Supplied material below:
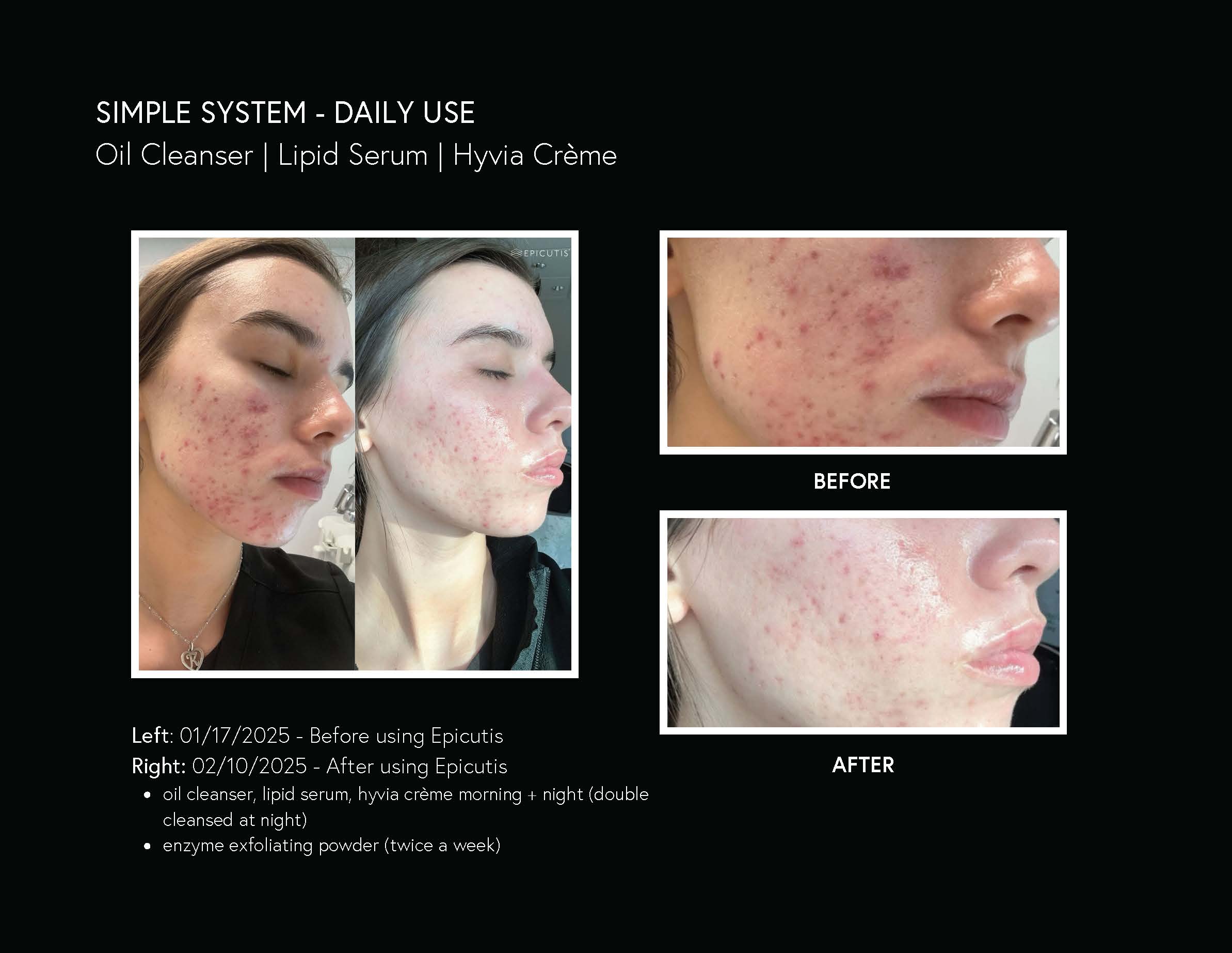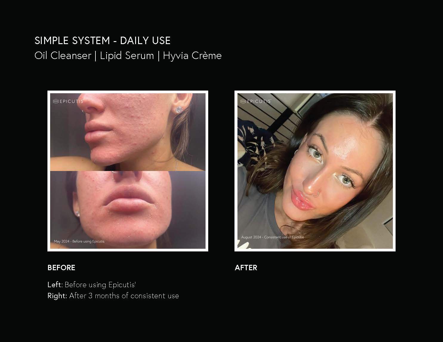 Este potente dúo incluye el Suero Lipídico y la Crema Hyvia®, ambos formulados con ingredientes patentados y respaldados por la ciencia de Epicutis.
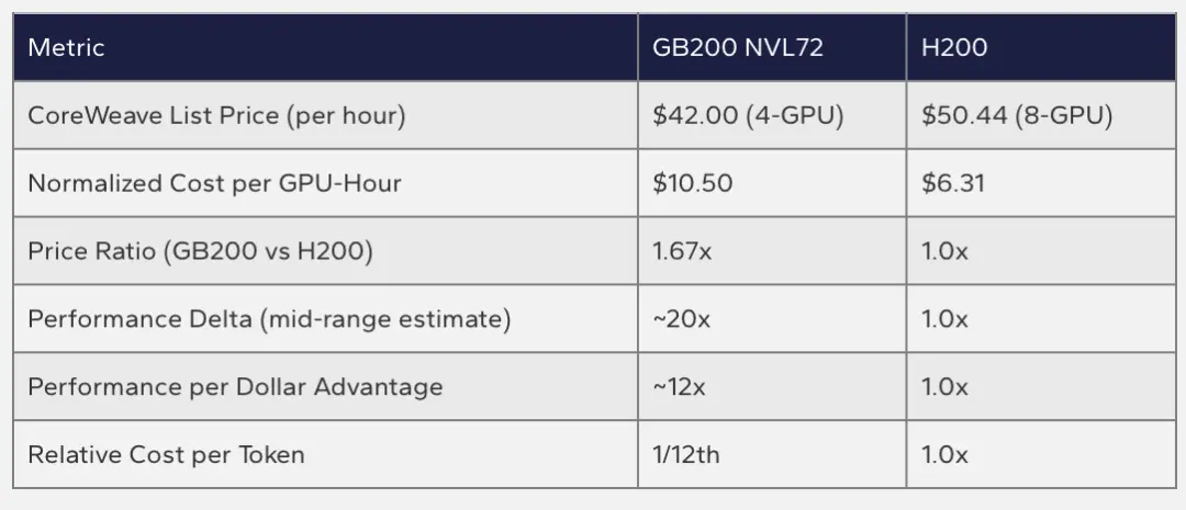 而GB200 NVL72价格仅上涨1.67倍,换算下来每美元性能提升约12倍,单token成本降至H200的十二分之一。
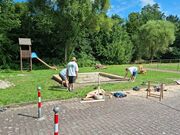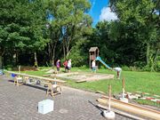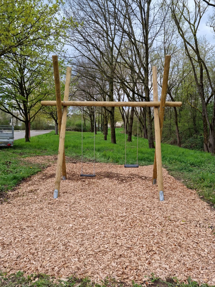 Unter Bauleitung von Olli Rath wurde die Schaukel montiert, der Auslaufbereich erweitert und aufgefüllt. Außerdem wurde der Turm der Rutsche abgeschliffen und Instand gesetzt.
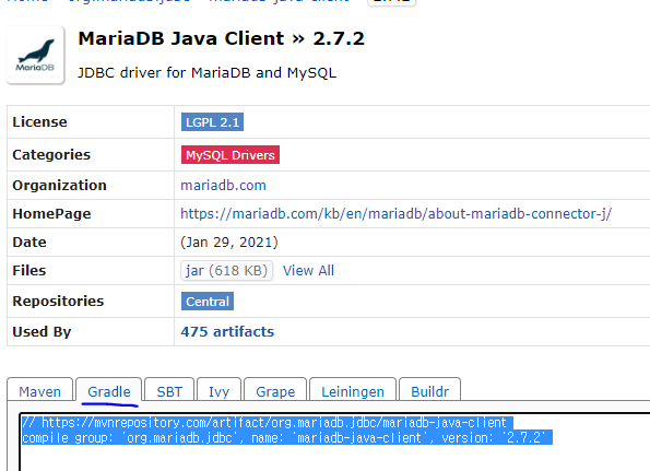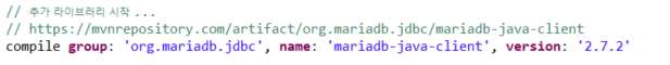 이후 Maria DB 쓰기 위해 maven repository에서 mariadb-java-client 설치해준다.
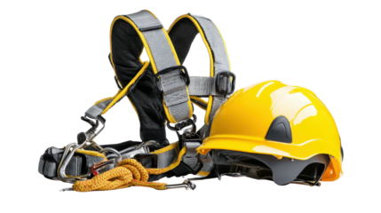 Safety harness and helmet combo background isolated on a Transparent background, PNG file.
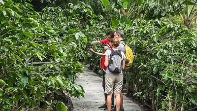 Esta caminata fácil de un cuarto de milla brinda la oportunidad perfecta para aprender sobre los métodos de producción utilizados en la preparación del café costarricense de principio a fin.
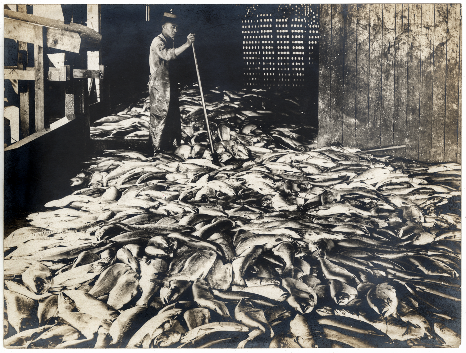 Chinese worker in Seattle cannery with fish - courtesy of Museum of History & Industry, Seattle.
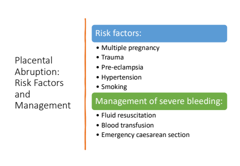 Placental Abruption: Risk Factors and ManagementRisk factors:%u2022 Multiple pregnancy%u2022 Trauma%u2022 Pre-eclampsia%u2022 Hypertension%u2022 SmokingManagement of severe bleeding:%u2022 Fluid resuscitation%u2022 Blood transfusion%u2022 Emergency caesarean section
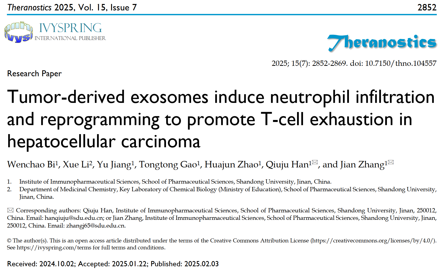 Bi W, Li X, Jiang Y, Gao T, Zhao H, Han Q, Zhang J. Tumor-derived exosomes induce neutrophil infiltration and reprogramming to promote T-cell exhaustion in hepatocellular carcinoma. Theranostics 2025; 15(7):2852-2869. doi:10.7150/thno.104557.
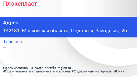 Плэкспласт по адресу 142181, Московская область, Подольск, Заводская, 2н в дальнейшем Организация, размещена в следующих категориях:
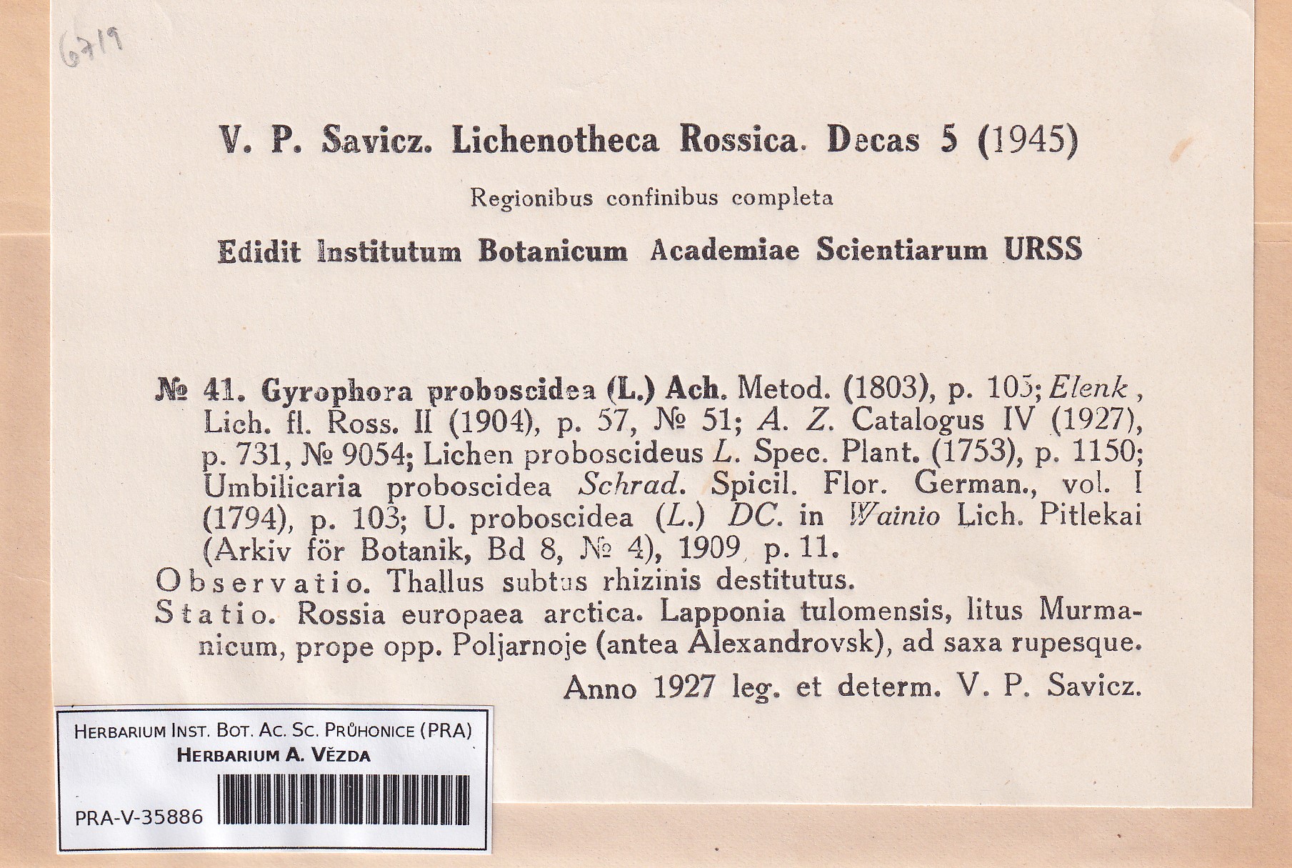 - Deposited in parcel Savicz, Lichenoth. Ross.
End of Supplied material.
» Prompt:
Take every record and copy it word for word, dropping the pictures.

» Solution to the exercise:
 Este potente dúo incluye el Suero Lipídico y la Crema Hyvia®, ambos formulados con ingredientes patentados y respaldados por la ciencia de Epicutis.
 而GB200 NVL72价格仅上涨1.67倍,换算下来每美元性能提升约12倍,单token成本降至H200的十二分之一。
 Unter Bauleitung von Olli Rath wurde die Schaukel montiert, der Auslaufbereich erweitert und aufgefüllt. Außerdem wurde der Turm der Rutsche abgeschliffen und Instand gesetzt.
 이후 Maria DB 쓰기 위해 maven repository에서 mariadb-java-client 설치해준다.
 Safety harness and helmet combo background isolated on a Transparent background, PNG file.
 Esta caminata fácil de un cuarto de milla brinda la oportunidad perfecta para aprender sobre los métodos de producción utilizados en la preparación del café costarricense de principio a fin.
 Chinese worker in Seattle cannery with fish - courtesy of Museum of History & Industry, Seattle.
 Placental Abruption: Risk Factors and ManagementRisk factors:%u2022 Multiple pregnancy%u2022 Trauma%u2022 Pre-eclampsia%u2022 Hypertension%u2022 SmokingManagement of severe bleeding:%u2022 Fluid resuscitation%u2022 Blood transfusion%u2022 Emergency caesarean section
 Bi W, Li X, Jiang Y, Gao T, Zhao H, Han Q, Zhang J. Tumor-derived exosomes induce neutrophil infiltration and reprogramming to promote T-cell exhaustion in hepatocellular carcinoma. Theranostics 2025; 15(7):2852-2869. doi:10.7150/thno.104557.
 Плэкспласт по адресу 142181, Московская область, Подольск, Заводская, 2н в дальнейшем Организация, размещена в следующих категориях:
 - Deposited in parcel Savicz, Lichenoth. Ross.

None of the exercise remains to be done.